A structured set of objections, weighed in public.

Desk editor's note, referee report, simulated authors' rebuttal, and a circularity audit. Tearing a paper down is the easy half of reading it; the pith above is the substance, this is the friction.

Referee Report

2 major / 2 minor

Summary. The manuscript presents a pipeline for generating photo-realistic synthetic images of chicken carcasses with automatic labeling, introduces a new benchmark dataset of 300 annotated real-world images from poultry processing lines, and evaluates the impact of mixing varying proportions of synthetic data with limited real data on instance segmentation performance in prominent deep learning models, claiming significant boosts across all models.

Significance.

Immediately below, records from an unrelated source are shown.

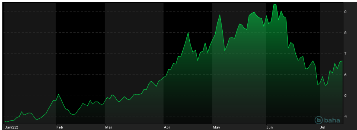
Notowania cen gazu, YTD, NYMEX

O ile sytuacja na rynkach surowców energetycznych była jednoznaczna, to już dane dotyczące importu metali były mieszane. Import rudy żelaza do Chin w czerwcu delikatnie spadł, zarówno w ujęciu rdr, jak i mdm, a wyniósł łącznie 88,97 mln ton w czerwcu. Jednak zupełnie inaczej wyglądała sytuacja na rynku miedzi, gdzie poprzedni miesiąc przyniósł zwiększenie importu aż o 15,5% mdm do poziomu ponad 537 tysięcy ton.
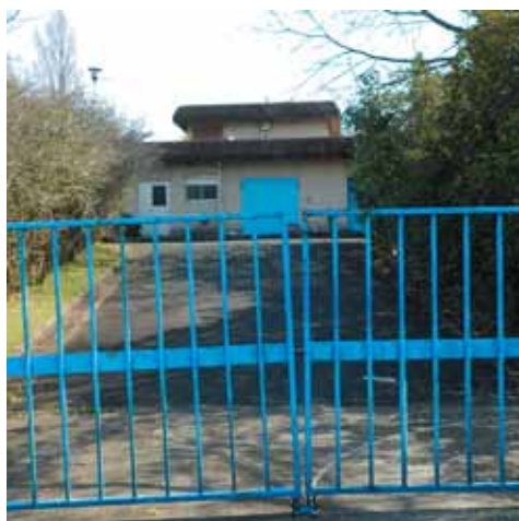
大住ヶ丘汚水処理場跡地
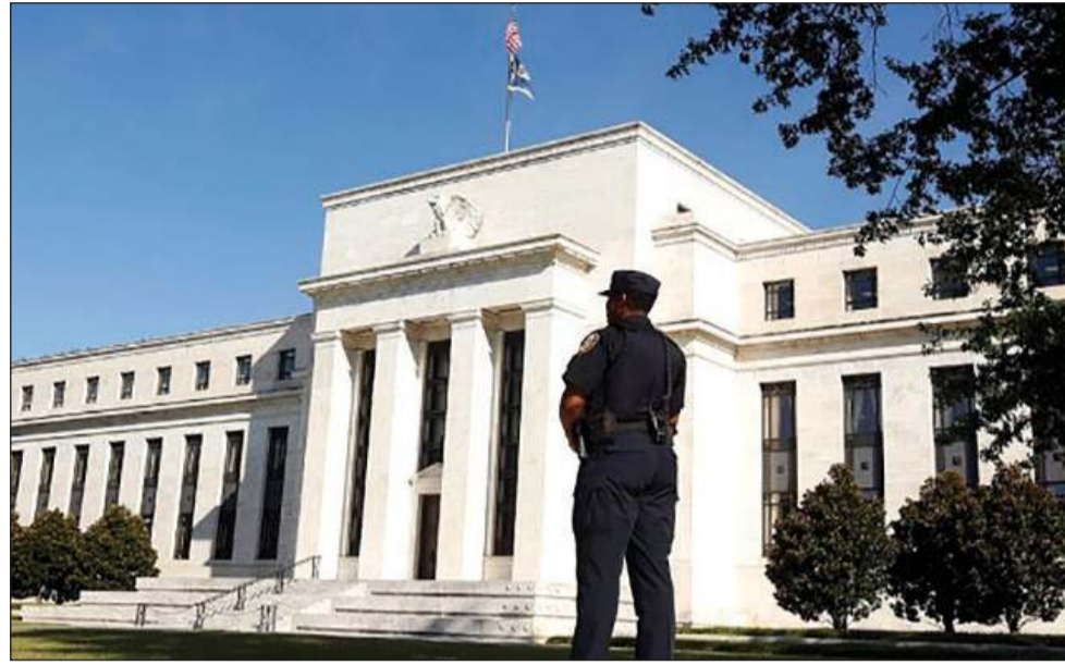
مبنى الاحتياطي الفيدرالي
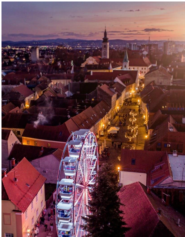
Slika 7. Panoramski kotač

Izvor: https://i0.wp.com/www.putoholicari.rtl.hr/wp-content/uploads/2024/01/Panoramski-kotac_827x1050.jpg?fit=827%2C1050&ssl=1 , 27.06.2024.
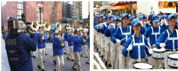
芝加哥感恩节游行 天国乐团放异彩
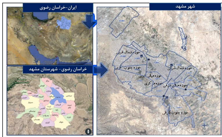
شکل ۱- موقعیت جغرافیایی شهر مشهد

کلان‌شهر مشهد به جهت وجود بارگاه حضرت امام رضا(ع)، یکی از مقصدهای عمده مذهبی ایران و حتی جهان است و هر ساله به‌ویژه تعطیلات (اعیاد و سوگواری‌ها)، شاهد حضور میلیون‌ها گردشگر مذهبی (زائر) است. طبق آمار تعداد زائرین شهر مشهد در سال ۹۳ معادل ۲۲ میلیون نفر بوده است (هاشمیان، ۱۳۹۴: ۴).
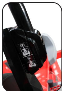
Nueva activación de freno de mano
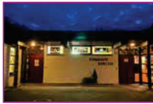
Die Weihnachtsfenster in der Emmaus-Kirche im Jahr 2022

Auch in diesem Jahr finden in einigen Gemeindebereichen in Aachen wieder „Adventsfenster“ statt. Vor allem rund um Auferstehungs- und I m m a n u e l -
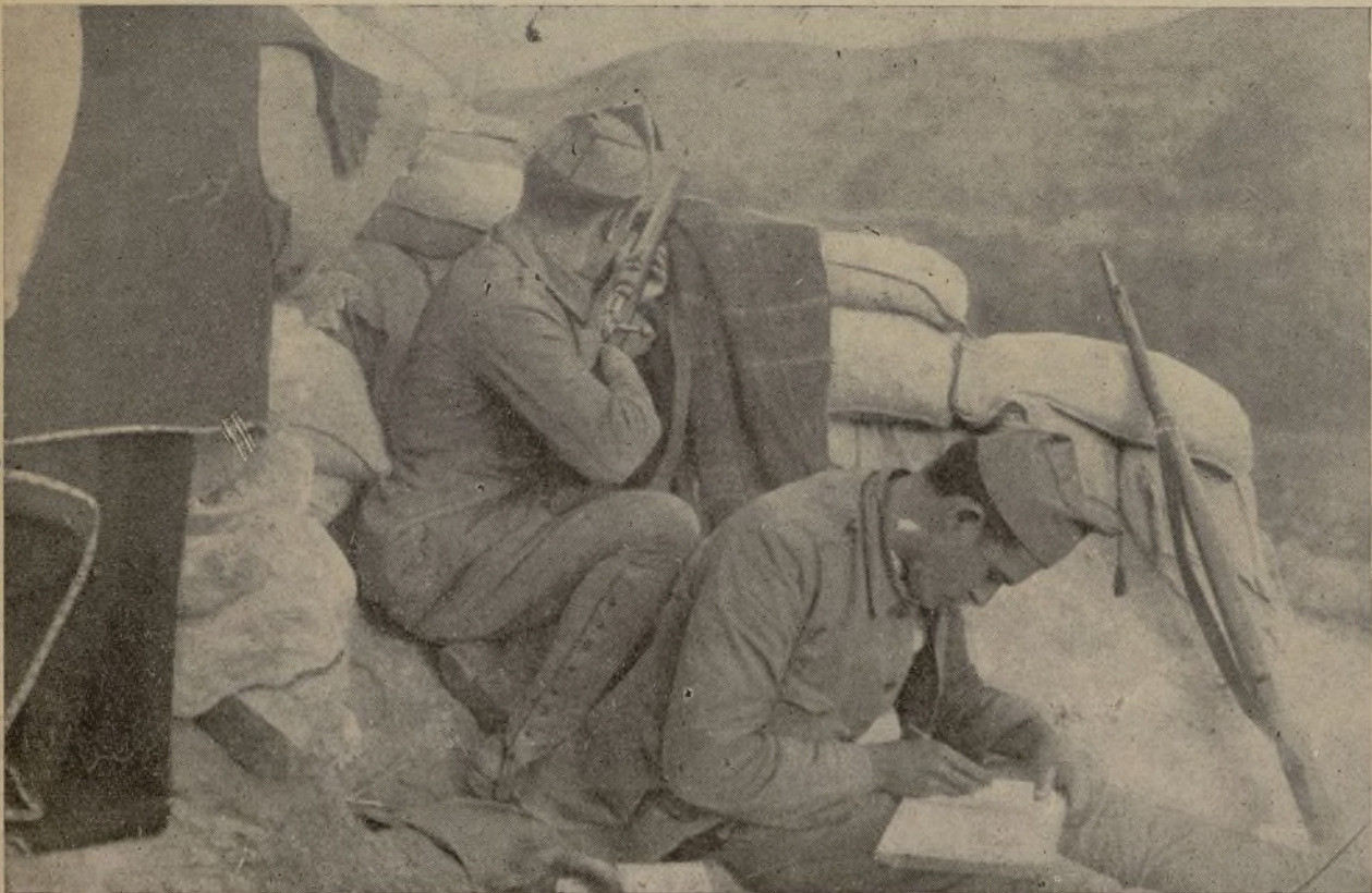
PUESTOS DE VIGILANCIA EN LAS AVANZADILLAS
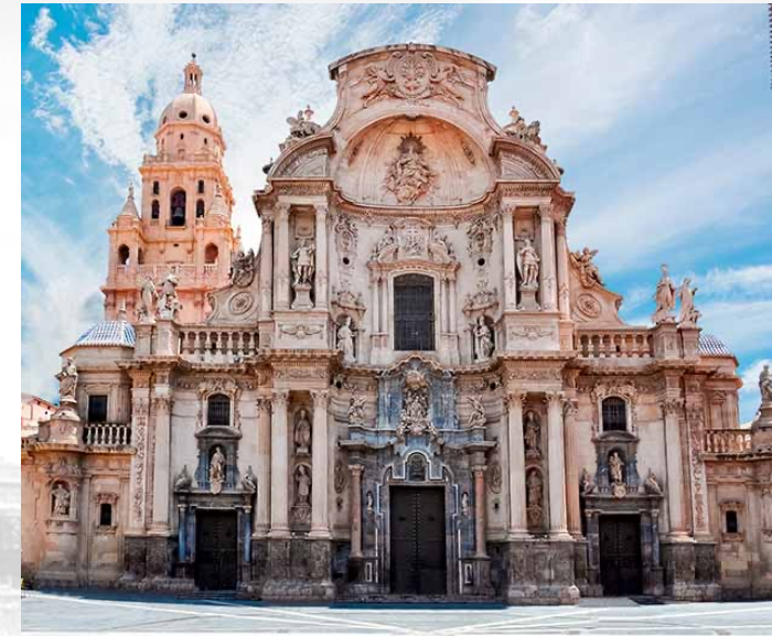
Catedral de Murcia

If the results hold with proper verification of domain similarity and quantitative controls, this work would offer a practical approach to mitigating data scarcity and annotation costs in industrial computer vision for food processing, with the benchmark dataset providing a useful resource for the community.

major comments (2)
  1. [Abstract] Abstract: The central claim that 'synthetic data significantly boosts segmentation performance for chicken carcasses across all models' is asserted without any quantitative metrics (e.g., mAP or IoU scores), model architectures, exact mixing ratios, or statistical tests. This omission prevents assessment of evidence strength for the headline result.
  2. [Experimental Evaluation] Experimental Evaluation: No quantitative domain-distance metrics (e.g., FID scores or domain-classifier accuracy) or controlled ablations holding total sample count fixed are described. This leaves the key assumption—that synthetic images are distributionally close enough to the 300 real images in lighting, texture, pose, and background to produce genuine generalization gains rather than artifacts—unverified and load-bearing for the augmentation efficacy claim.
minor comments (2)
  1. [Methods] Provide the specific instance segmentation architectures employed and full training details (hyperparameters, augmentation pipelines) to support reproducibility.
  2. [Dataset] Clarify the curation process, annotation protocol, and any quality assurance steps for the 300 real benchmark images.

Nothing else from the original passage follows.